The unit was redesignated as the 14th Air Commando Wing and was reactivated at Nha Trang Air Base Republic of Vietnam on 8 March 1966. On 1 August 1968 it was renamed the 14th Special Operations Wing and was the host unit at the base until 30 September 1971. From 15 October 1969 through 30 September 1971 the 14th SOW also operated and conducted missions from Phan Rang Air Base, Republic of Vietnam.

Operations included close and direct air support, interdiction, combat airlift, aerial resupply, visual and photographic reconnaissance, unconventional warfare, counterinsurgency operations, psychological warfare (including leaflet dropping and aerial broadcasting), forward air control operations and escort, search and rescue, escort for convoy and defoliation operations, flare drops, civic actions, and humanitarian actions.

The 14th Air Commando Wing distinguished itself by extraordinary heroism, exceptional gallantry and outstanding performance of duty in action against hostile forces in Southeast Asia from 8 March 1966 to 7 March 1967, earning a Presidential Unit Citation. Flying thousands of different sorties, elements of the Wing caused many enemy casualties and destroyed or damaged more than 8,500 structures, 500 trucks and 60 fuel sites as well as numerous automatic weapon positions, radio stations, bridges and boats.
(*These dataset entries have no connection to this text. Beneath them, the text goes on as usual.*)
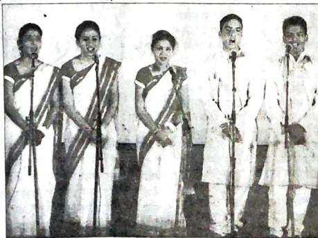
धर्मशाला कॉलेज में चल रहे विश्वविद्यालय स्तरीय युवा महोत्सव 2017 में बुधवार को समूह गायन प्रस्तुत करते जिला मंडी के विद्यार्थी।

दूसरे दिन के पहले सत्र में राजकीय संस्कृत कॉलेज सुंदरनगर ने समूहगान की प्रस्तुति दी। समूहगान प्रतिस्पर्धा में मेजबान कॉलेज धर्मशाला, सरकाघाट, रामपुर, आनी, सीमा, मंडी सहित कुल 26 कॉलेजों में अपनी प्रस्तुति दी। वहीं दूसरे सत्र में लोकगीत
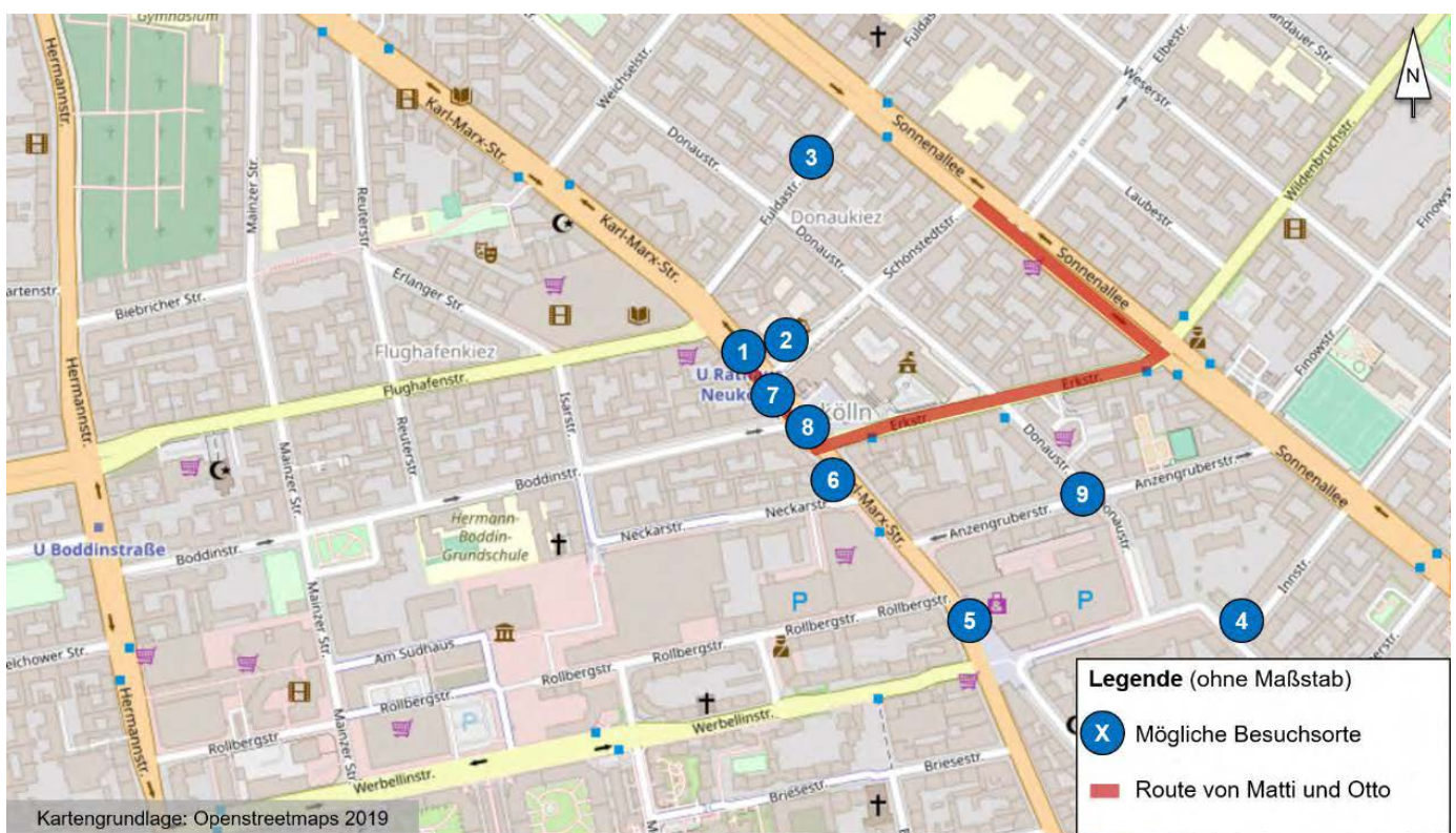
Mögliche Besuchsorte in Neukölln

Technische Voraussetzungen und Material: Kamera/Tablet/Smartphone für die SuS, gegebenenfalls Fahrtwegbeschreibung A 3, Plakatbögen
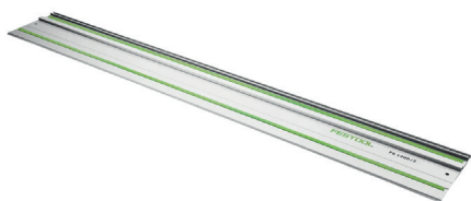
Rail de guidage FS 1400/2 (ref. 491498)

Flying the venerable Douglas C-47 aircraft, one squadron of the Wing helped abort a large number of night hostile operations against friendly forts and hamlets through flare drops and minigun saturation fire. Despite the often heavy and accurate enemy antiaircraft fire, the search and rescue missions of the Wing recovered 91 skilled airmen during this period. In addition, the Wing's psychological warfare missions directly or indirectly influenced the surrender of thousands of enemy soldiers.

The wing also provided maintenance support for a number of tenants. The wing trained Republic of Vietnam Air Force (RVNAF) personnel in AC-119 operations and maintenance, February–August 1971, and transferred some of its AC-119s to the RVNAF, August–September 1971 as part of its phase-down to being inactivated.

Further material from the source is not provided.